Chickpea Squash Tagine
(makes 4-6 servings)

2 tablespoons olive oil
1 medium-sized onion, chopped
2 medium-sized plum tomatoes
2 cloves garlic, minced
1/4 teaspoon ground cinnamon
1/4 teaspoon ground ginger
1/4 teaspoon ground nutmeg
1/4 teaspoon cayenne pepper
1/4 teaspoon ground turmeric
1/4 teaspoon ground cardamom
1/4 teaspoon ground white pepper
(or substitute all spices for 2-3 teaspoons raz el hanout spice blend)
2 cans chickpeas, rinsed well and drained (or substitute with 2 cups chickpeas, soaked overnight, cooked until tender and drained)
1 medium-sized butternut squash, peeled, seeds scraped out and chopped to 2-inch pieces
2-3 cups water
salt and black pepper to taste
juice of 1 lemon

Heat the oil in a large, heavy-bottomed pot with a lid such as a Dutch oven.

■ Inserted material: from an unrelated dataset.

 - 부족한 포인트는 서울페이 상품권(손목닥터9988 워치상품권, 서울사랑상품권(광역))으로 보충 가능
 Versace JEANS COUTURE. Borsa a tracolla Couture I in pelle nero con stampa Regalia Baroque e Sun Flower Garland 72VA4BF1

Add the onions and a pinch of salt and cook over low heat, stirring occasionally, until softened and translucent, 6-8 minutes.

Meanwhile, bring a small pot of water to a boil and add the tomatoes. Cook for 30 seconds to blanch, and remove from heat immediately. Let cool for a few minutes. Peel the skins off the tomatoes and chop them coarsely.

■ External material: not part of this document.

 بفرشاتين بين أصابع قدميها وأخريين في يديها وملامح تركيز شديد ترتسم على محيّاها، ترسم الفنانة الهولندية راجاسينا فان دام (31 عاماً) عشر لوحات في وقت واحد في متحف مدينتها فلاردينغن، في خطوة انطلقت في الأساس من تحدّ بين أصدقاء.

Add all the ground spices to the onions and stir well to incorporate. Add the tomatoes and garlic to the onions and cook, stirring occasionally, for 5-6 minutes, or until the mixture becomes more dry and paste-like. Add the drained chickpeas and stir to coat thoroughly. Add the water and bring just to a boil. Add the squash chunks and stir. Reduce heat to a simmer and cover. Cook covered, checking occasionally to stir, for 45 minutes to 1 hour. Taste for seasoning, adding salt and pepper as desired. Lastly, stir in the lemon juice. Serve with couscous and fresh herbs like cilantro optionally.

Cost Calculator
(for 4-6 servings)

1 onion: $0.25
1 butternut squash (at $1.50/lb): $3.00
2 plum tomatoes (at $2/lb): $1.00
2 cans chickpeas: $3.00
2 cloves garlic: $0.10
3 teaspoons raz el hanout or ¼ teaspoon each cinnamon, turmeric, nutmeg, cayenne, ginger, cardamom, white pepper: $0.50
1 lemon: $0.50
salt, pepper, 2 Tb olive oil: $0.25

Total: $8.55

Health Factor

Three brownie points: A fantastic fuel for the cold season. Winter squash will provide lots of vitamins and minerals like Vitamin C, potassium, B-vitamins, fiber and tons of Vitamin A. Roast the seeds as a snack and you’ll get even more of those, including omega-3 fatty acids. (A bowl of toasted squash seeds makes a nice addition to an appetizer spread.) And from chickpeas, you’ll get filling carbs and heart-healthy protein; you might want to skip the couscous altogether and fill up on this alone.

Green Factor

Seven maple leaves: Easy-peasy on your wallet, kitchen, and the environment. This entirely plant-based meal takes a lighter load of carbon emissions to produce than meaty winter staples, and squashes are easy to find locally produced throughout much of the year. In the summer, you might even want to try this out with summer squash instead of the winter squash used here, added toward the end of its cooking time as they take almost no time to soften.

2 Responses

  1. looks amazing. i love butternut squash!